Yeah let’s not spoil anything. Another one we’re always curious of is how much you consider that famous Manc vs Scouse rivalry in music. Do you buy into it at all?
I don’t know, I think in my life when you have like really p***ed up conversations with someone who’s more into the Manc scene than the Liverpool scene I just think we’ve got The Beatles, so we always win.
I do think, you know, you’ve got your Joy Divisions and your Smiths and your Oasis and all this – they’re amazing bands, but we’ve got The Beatles. So it’s just you can’t like. [Like the ultimate Top Trumps card] Yeah, in Pokemon, it’d be shiny Charizard.
Fair enough. What about other Northern acts you’re particularly excited by at the minute?
I mean, there’s so many but it’s too hard but the band I think are the best at the moment is Wunderhorse. I met Jacob [Slater] a while ago when he was doing Dead Pretties and I was like obsessed with his writing and he sent me a bunch of acoustic stuff and I was just like man, “You are f***ing annoyingly talented.”
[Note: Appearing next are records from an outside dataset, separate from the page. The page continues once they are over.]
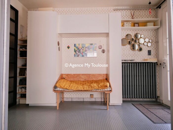 L’entrée donne le ton : lumineuse, fonctionnelle, avec un millier de petites attentions faîtes maison. C’est une maison de famille, et ça se sent. Beaucoup de rangements sur mesure, des portes coulissantes modulent les espaces et rendent fluides les circulations.
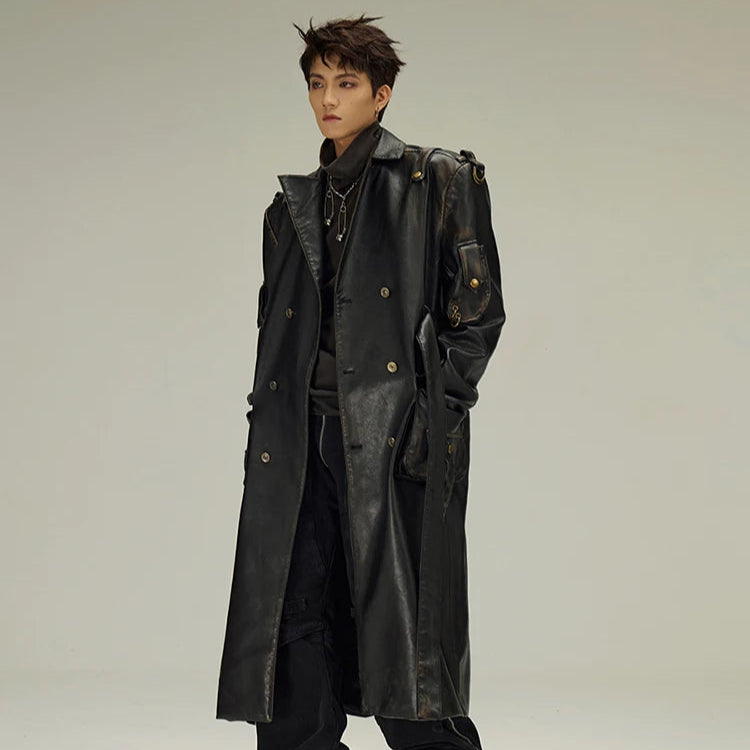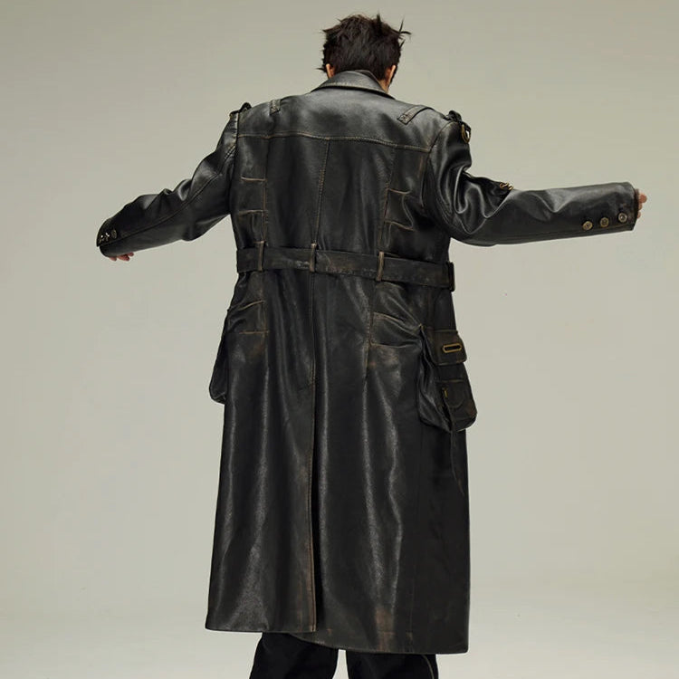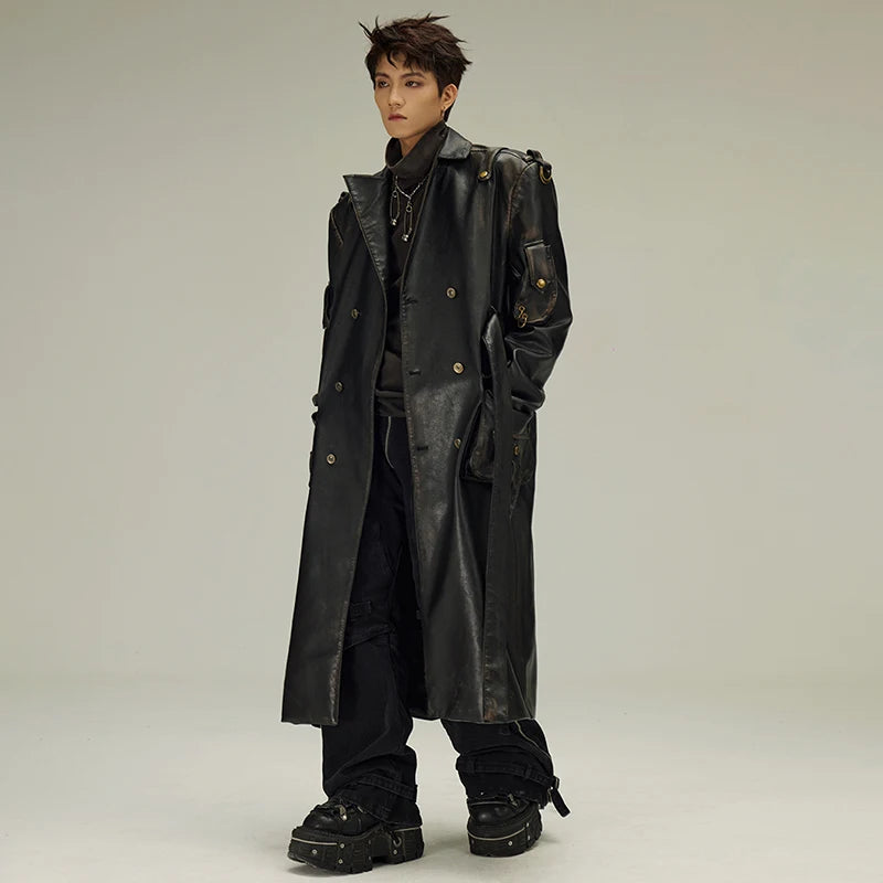 Palton lung negru din piele, gotic, stil alternativ
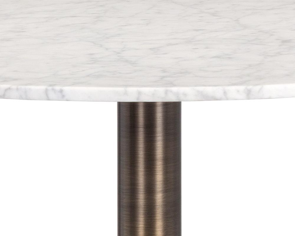 An Art Deco inspired round counter table, featuring a solid carrara marble top with an antique gold steel base. Perfect for bars, lounges and restaurants. As marble is a natural material, unique veining, pitting, fissures, micro-cracks and colour variations are all characteristics that add to the uniqueness and beauty of each piece.
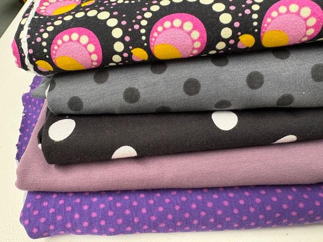 Bomuldsjersey, isoli, fastvævet viscose, hør, poplin, fastvævet bomuld, fleece, gauze og fløjl
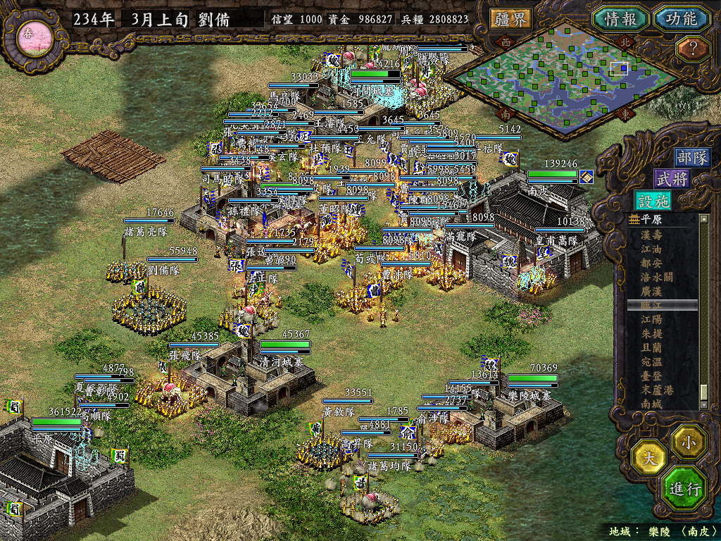 地图总兵力已经几乎达到电脑能够忍受的上限, 因为再增加兵力电脑开始进入秀逗状态(不出兵了). 而且因为总兵力大于总城市人口,所以在第一年内是没有兵役的, 不过反正电脑会源源不断的送兵来, 而且玩家在金城有贼归顺事件.
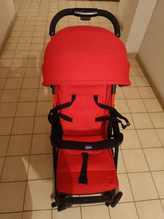 Silla de paseo en color rojo de la marca Chicco. Ideal para transportar a los más pequeños con comodidad. - Diseño plegable. - Arnés de seguridad. - Capota. - Plástico para lluvia - Barra frontal.

Then when Wunderhorse came out and I was just blown away. It’s amazing to watch it just become this big thing now. It’s cool to see people on TikTok sharing clips of ‘Teal’ and just seeing kids getting into proper music. So yeah, love them, man – I’m so excited to see where they end up.
He’s not wrong, by the way. Their Manchester Academy gig in October was one the best of our lives and not to sound like needy cool kids but we’ve very much backed them from day one.